# Try it
Nothing but the lines below, from the first through the line containing "Fuerte accidente se", should be set down, each one exactly and without pictures.

# Raw data
↓
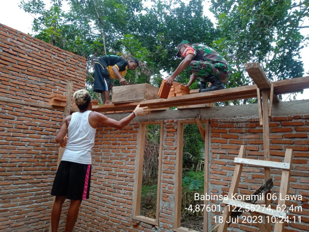 Muna Barat–Babinsa Koramil 1416-06/Lawa Sertu Pardi membantu masyarakat di wilayah binaan membangun dinding rumah, yang bertempat di Desa Wakontu Kec. Wadaga Kab. Muna Barat, (Selasa, 18/7/2023).
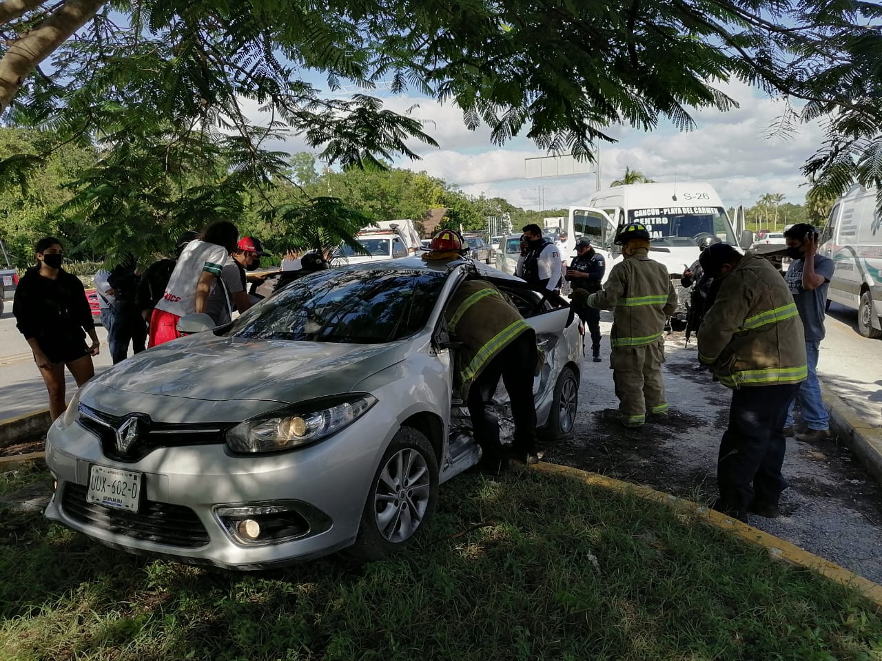 Fuerte accidente se registró sobre el Boulevard playa del Carmen a la altura del hotel Princess, luego de que conductor de un vehículo particular marca fluence Renault color gris con placas UUX-602-D, realizará una mala maniobra al tratar de ganarle el paso a una van de transporte público de la ruta playa-cancun con económico S-26, que circulaba a exceso de velocidad.
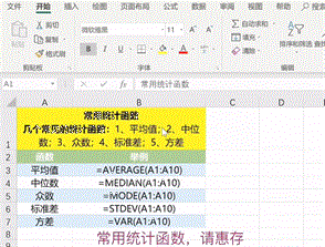最佳答案1、平均值:=AVERAGE(A1:A10)2、中位数:=MEDIAN(A1:A10)3、众数:=MODE(A1:A10)4、标准差:=STDEV(A1:A10)5、方差:=VAR(A1:A10)PS:平均值、中位数和众数是表现数据集中趋势的指标。平均值是N个数相加除以N得到的结果;中位数是一组数据......
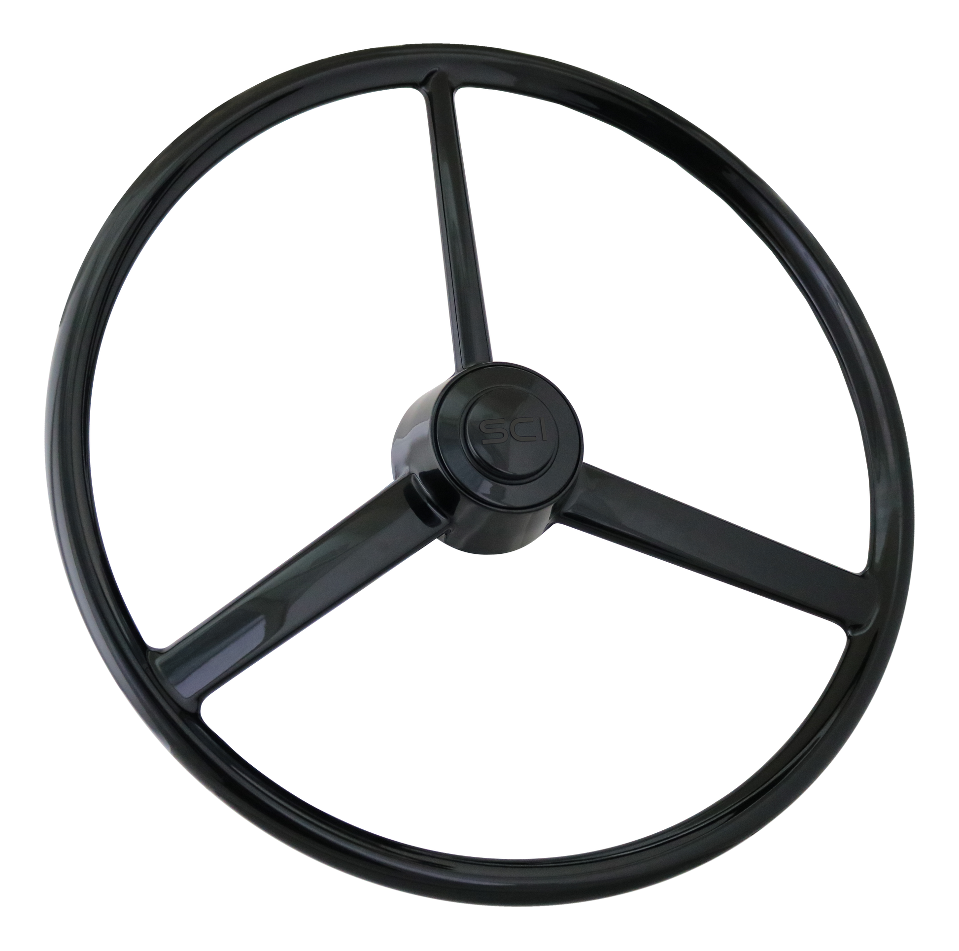 20” Painted Polyurethane Rim, 3-Spoke Steering Wheel, Retro Ring, Black on Black SCI Horn Button
↑
# Answer below
 Muna Barat–Babinsa Koramil 1416-06/Lawa Sertu Pardi membantu masyarakat di wilayah binaan membangun dinding rumah, yang bertempat di Desa Wakontu Kec. Wadaga Kab. Muna Barat, (Selasa, 18/7/2023).
 Fuerte accidente se registró sobre el Boulevard playa del Carmen a la altura del hotel Princess, luego de que conductor de un vehículo particular marca fluence Renault color gris con placas UUX-602-D, realizará una mala maniobra al tratar de ganarle el paso a una van de transporte público de la ruta playa-cancun con económico S-26, que circulaba a exceso de velocidad.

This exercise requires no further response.